Justin Cox

No. 9
- Position: Defensive back

Personal information
- Born: December 9, 1992 (age 33)
- Listed height: 6 ft 0 in (1.83 m)
- Listed weight: 187 lb (85 kg)

Career information
- High school: West Point (MS)
- College: Mississippi State
- NFL draft: 2015: undrafted

Career history
- Kansas City Chiefs (2015)*; Saskatchewan Roughriders (2016);
- * Offseason or practice squad member only

= Justin Cox =

American gridiron football player (born 1992)

Justin Cox (born December 9, 1992) is an American former football safety. He attended West Point High School in Mississippi. He played collegiate football for two seasons at East Mississippi Community College before enrolling at Mississippi State for two more years.

== College career ==
Cox was a reserve cornerback in 2013 season with Mississippi, in which he recorded 31 tackles and an interception in the Bulldog's overtime Egg Bowl victory over Ole Miss. Cox was the starting safety for the Bulldogs in 2014. He did not play in the final three games after being arrested for burglary and domestic violence. The charge was dropped when Cox pleaded guilty to the misdemeanor charge of trespassing with the domestic violence charge being dropped at victim's request.

== Professional career ==

=== Kansas City Chiefs ===
Cox went unselected in the 2015 NFL draft, but signed a free agent contract with the Kansas City Chiefs soon after.

=== Saskatchewan Roughriders ===
About 10 months after his release by the Chiefs, Cox signed with the Saskatchewan Roughriders of the Canadian Football League (CFL) in May 2016. In his first year in the CFL, Cox played in 15 games contributing 42 tackles, 2 special teams tackles, 4 interceptions and 1 forced fumble. He missed the final 3 games of the season with an undisclosed injury. For his contributions, he was named the team's Rookie of the Year. Following the season, on December 8, 2016, Cox and the Roughriders agreed to a 2-year contract extension, keeping him with the Riders through 2018.
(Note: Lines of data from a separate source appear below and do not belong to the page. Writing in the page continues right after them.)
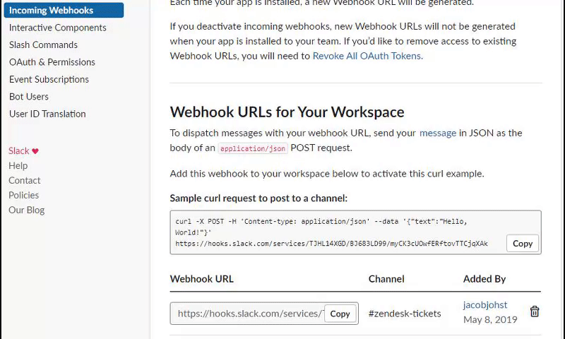 Copy the webhook URL, we need that for the next step in Zendesk.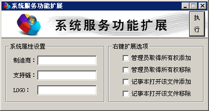系統(tǒng)服務(wù)功能擴(kuò)展是一個(gè)簡(jiǎn)單的小工具,包括系統(tǒng)屬性相關(guān)設(shè)置和管理員取得所有權(quán)快捷設(shè)置;包括:windows vista以上版本系統(tǒng)屬性相關(guān)、右鍵擴(kuò)展管理員取得所有權(quán)添加/移除、記事本打開該文件添加、移除功能,方便快捷;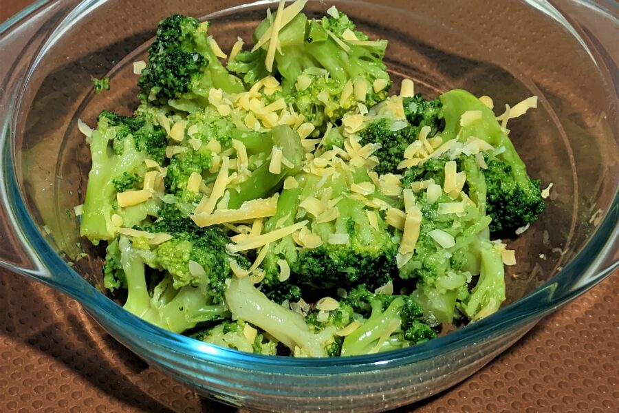 - Сливаем воду, выкладываем капусту в жаропрочную форму, смазываем оливковым маслом, посыпаем немного тёртым сыром. Открываем духовку (курица уже простояла в духовке 30 минут) и ставим форму с капустой. Продолжаем всё вместе запекать ещё 15 минут.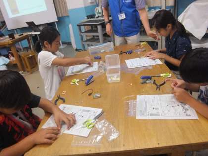 回路を作る作業に手こずる子どもたち。

In the off-season, on April 19, 2017, news broke that Cox had been involved in an incident involving domestic violence. In response, the Riders announced that they had released Cox, and CFL commissioner Jeffrey Orridge stated that the league would not allow any other CFL team to sign him. On May 29, 2017, the provincial court of Saskatchewan determined that Cox was found not guilty of assault causing bodily harm. Despite this, the CFL has stated that it will not allow Cox to play in the league, and the Riders stated that they would not welcome him back even if he was allowed to play by the CFL administration.